-------- Data under study --------
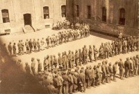 1916 , Legioniści w Piotrkowie Trybunalskim. Kolejka do jakiejś komisji.Skomentuj zdjęcie
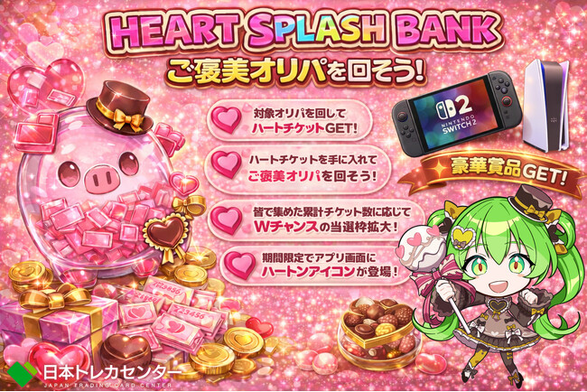株式会社日本トレカセンター(本社:東京都、代表取締役CEO:大山 敏浩)は、バレンタインシーズンに合わせ、ユーザー参加型の期間限定イベント「HEART SPLASH BANK(ハートスプラッシュバンク)」を、2026年2月9日(月)15:00より開催することをお知らせいたします 。
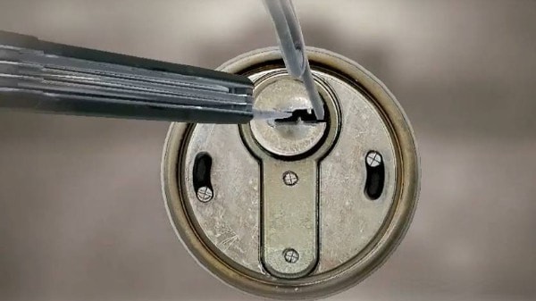 第二步:将撬片插入锁孔,并确认撬片的大致旋转方向;
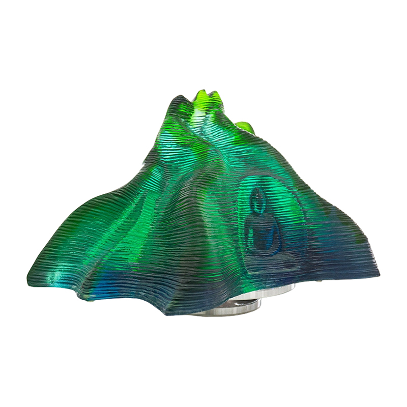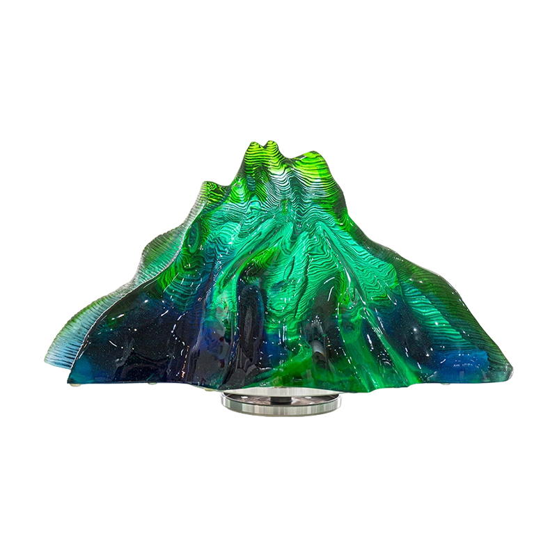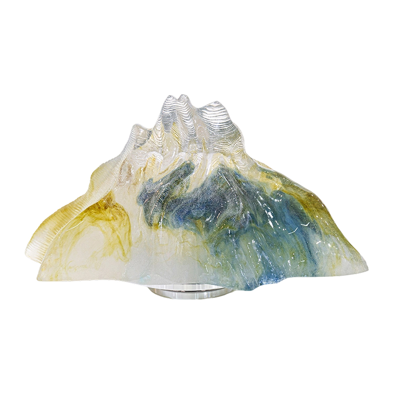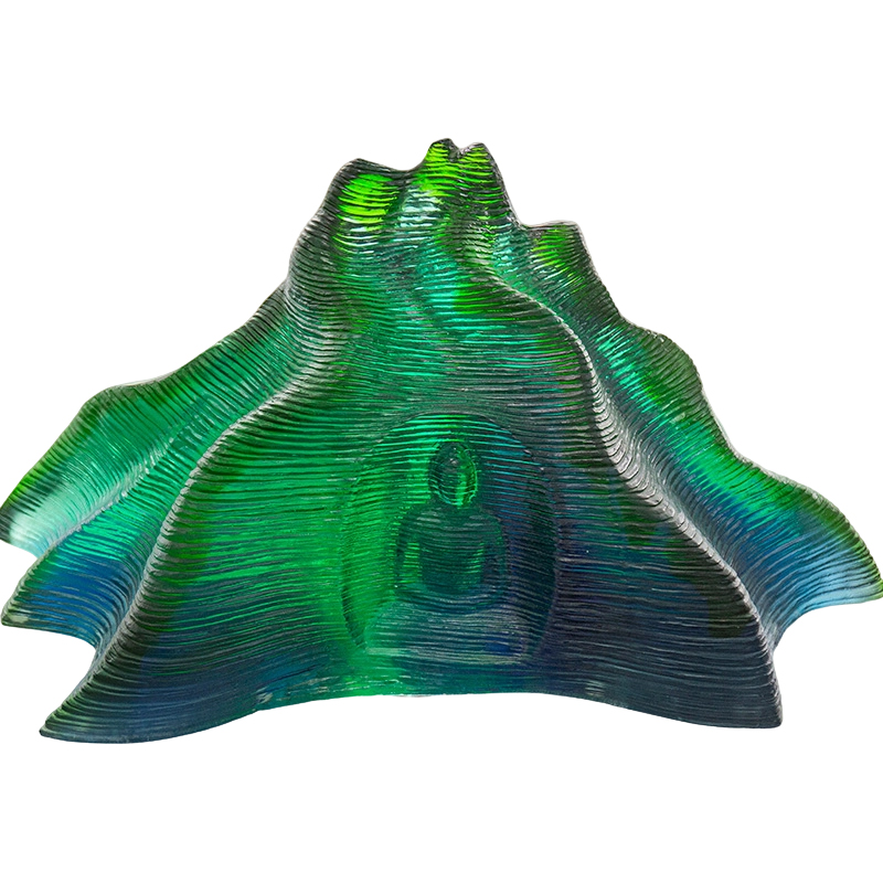 La trasparenza, le sfumature di colore e il gioco di luci e ombre nel cristallo fungono da “mezzo Zen” che collega passato e presente. La sfumatura dal verde verdeggiante al blu intenso trae ispirazione dalle foreste lussureggianti e dal tranquillo crepuscolo del monte Anyue, in risonanza con le immagini della tradizionale pittura di paesaggio blu-verde cinese, che utilizza le tonalità della natura per collegare il tempio rupestre con i ritmi del cielo e della terra. Mentre la luce permea il vetro stratificato, le sfumature si fondono e le illusioni si intrecciano, evocando il nebbioso splendore della nebbia dell'alba che avvolge le caverne. La coesistenza dialettica del "vuoto" del vetro (qualità traslucida) e del "colore" (toni freddi verde-blu) interpreta la massima intuizione filosofica del Buddismo: "il vuoto è forma, la forma è vuoto". Mentre luce e ombra scorrono attraverso superfici curve, le forme delle montagne e le sagome del Buddha cambiano continuamente, conferendo alla scultura statica "un istante che è eternità" - evocando la profonda tranquillità distillata da millenni di vento e pioggia sulla pietra di Anyue intagli.
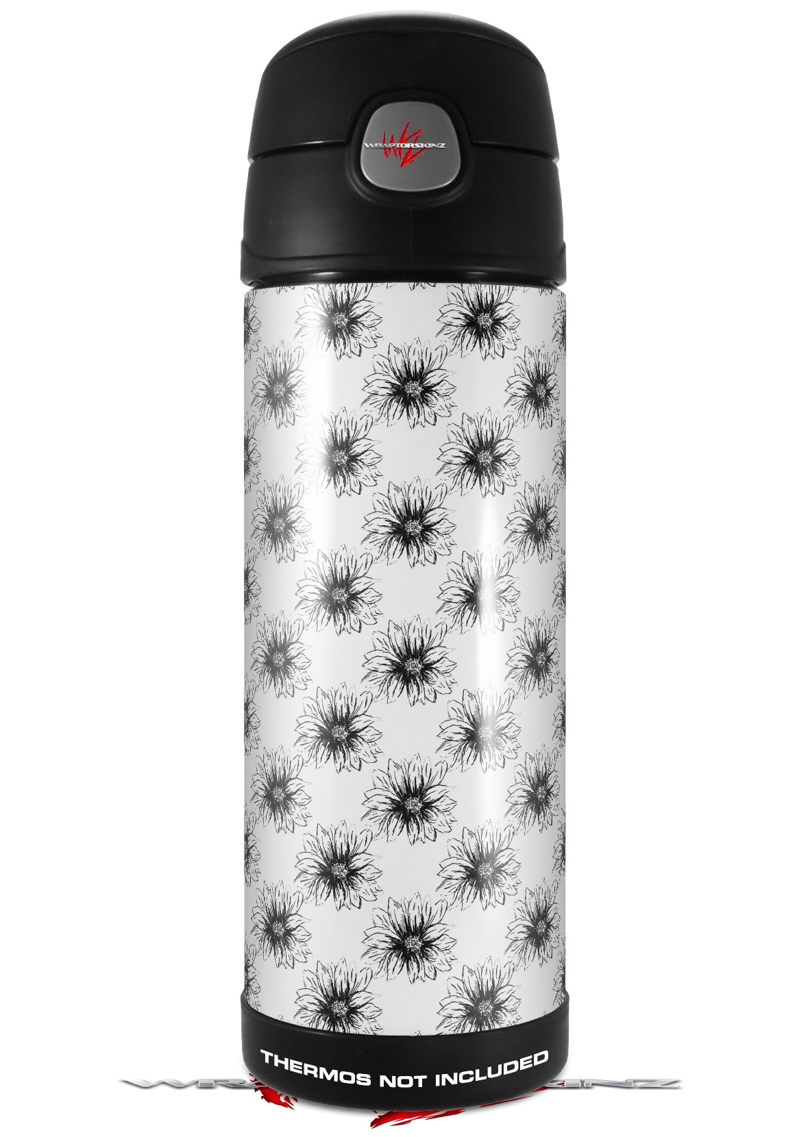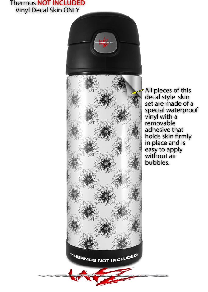 Skin Decal Wrap for Thermos Funtainer 16oz Bottle Kearas Daisies Black on White (BOTTLE NOT INCLUDED) by WraptorSkinz
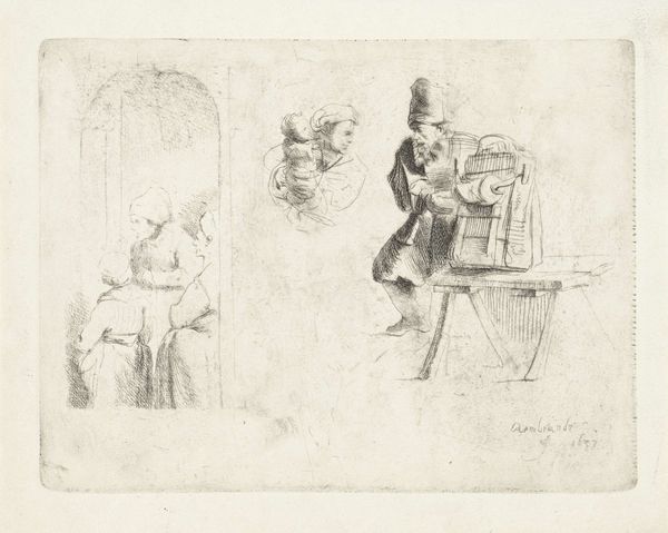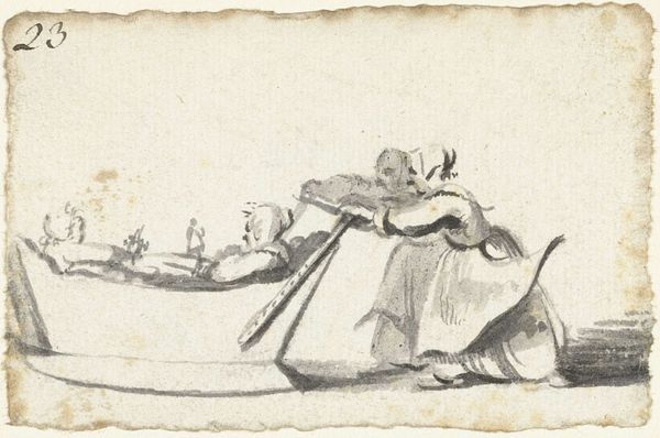 Nelly Bodenheim designed this silhouette illustration for the children's song "In Holland staat een huis." The artwork uses stark black silhouettes against a pale background, creating a visually arresting composition. The figures are arranged in a theatrical tableau; a man sits at a table, seemingly oblivious as a woman gestures dramatically towards a child and a distraught maid. Bodenheim uses the flatness of the silhouette to emphasize the gestures and the dynamics of the scene. The stark contrast between the figures and the background invites a semiotic interpretation, where each silhouette acts as a signifier of social roles, and the power dynamics within the household are palpable. The lack of color and detail forces us to focus on form and arrangement. Ultimately, this illustration, with its sharp lines and dramatic composition, serves as a powerful commentary on social hierarchy. Bodenheim’s formal choices amplify the narrative, making it both visually engaging and symbolically rich.
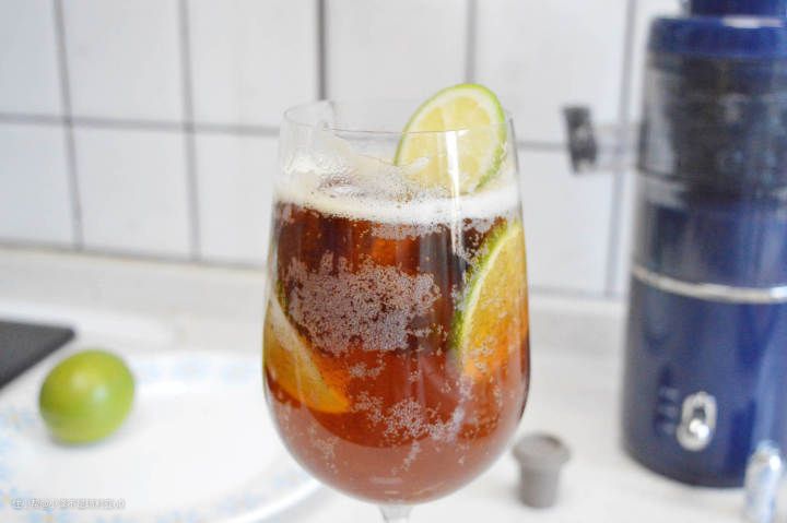 青柠汁在最底下,喝之前记得搅拌一下。我很喜欢看咖啡在青柠气泡水中满满消融的样子,杯子里的颜色好像有了活力,清新的微酸的气泡带着咖啡的香醇味道,口感真的绝了。
--------
Please reproduce every record exactly, leaving the pictures out.

 1916 , Legioniści w Piotrkowie Trybunalskim. Kolejka do jakiejś komisji.Skomentuj zdjęcie
株式会社日本トレカセンター(本社:東京都、代表取締役CEO:大山 敏浩)は、バレンタインシーズンに合わせ、ユーザー参加型の期間限定イベント「HEART SPLASH BANK(ハートスプラッシュバンク)」を、2026年2月9日(月)15:00より開催することをお知らせいたします 。
 第二步:将撬片插入锁孔,并确认撬片的大致旋转方向;
 La trasparenza, le sfumature di colore e il gioco di luci e ombre nel cristallo fungono da “mezzo Zen” che collega passato e presente. La sfumatura dal verde verdeggiante al blu intenso trae ispirazione dalle foreste lussureggianti e dal tranquillo crepuscolo del monte Anyue, in risonanza con le immagini della tradizionale pittura di paesaggio blu-verde cinese, che utilizza le tonalità della natura per collegare il tempio rupestre con i ritmi del cielo e della terra. Mentre la luce permea il vetro stratificato, le sfumature si fondono e le illusioni si intrecciano, evocando il nebbioso splendore della nebbia dell'alba che avvolge le caverne. La coesistenza dialettica del "vuoto" del vetro (qualità traslucida) e del "colore" (toni freddi verde-blu) interpreta la massima intuizione filosofica del Buddismo: "il vuoto è forma, la forma è vuoto". Mentre luce e ombra scorrono attraverso superfici curve, le forme delle montagne e le sagome del Buddha cambiano continuamente, conferendo alla scultura statica "un istante che è eternità" - evocando la profonda tranquillità distillata da millenni di vento e pioggia sulla pietra di Anyue intagli.
 Skin Decal Wrap for Thermos Funtainer 16oz Bottle Kearas Daisies Black on White (BOTTLE NOT INCLUDED) by WraptorSkinz
 Nelly Bodenheim designed this silhouette illustration for the children's song "In Holland staat een huis." The artwork uses stark black silhouettes against a pale background, creating a visually arresting composition. The figures are arranged in a theatrical tableau; a man sits at a table, seemingly oblivious as a woman gestures dramatically towards a child and a distraught maid. Bodenheim uses the flatness of the silhouette to emphasize the gestures and the dynamics of the scene. The stark contrast between the figures and the background invites a semiotic interpretation, where each silhouette acts as a signifier of social roles, and the power dynamics within the household are palpable. The lack of color and detail forces us to focus on form and arrangement. Ultimately, this illustration, with its sharp lines and dramatic composition, serves as a powerful commentary on social hierarchy. Bodenheim’s formal choices amplify the narrative, making it both visually engaging and symbolically rich.
 青柠汁在最底下,喝之前记得搅拌一下。我很喜欢看咖啡在青柠气泡水中满满消融的样子,杯子里的颜色好像有了活力,清新的微酸的气泡带着咖啡的香醇味道,口感真的绝了。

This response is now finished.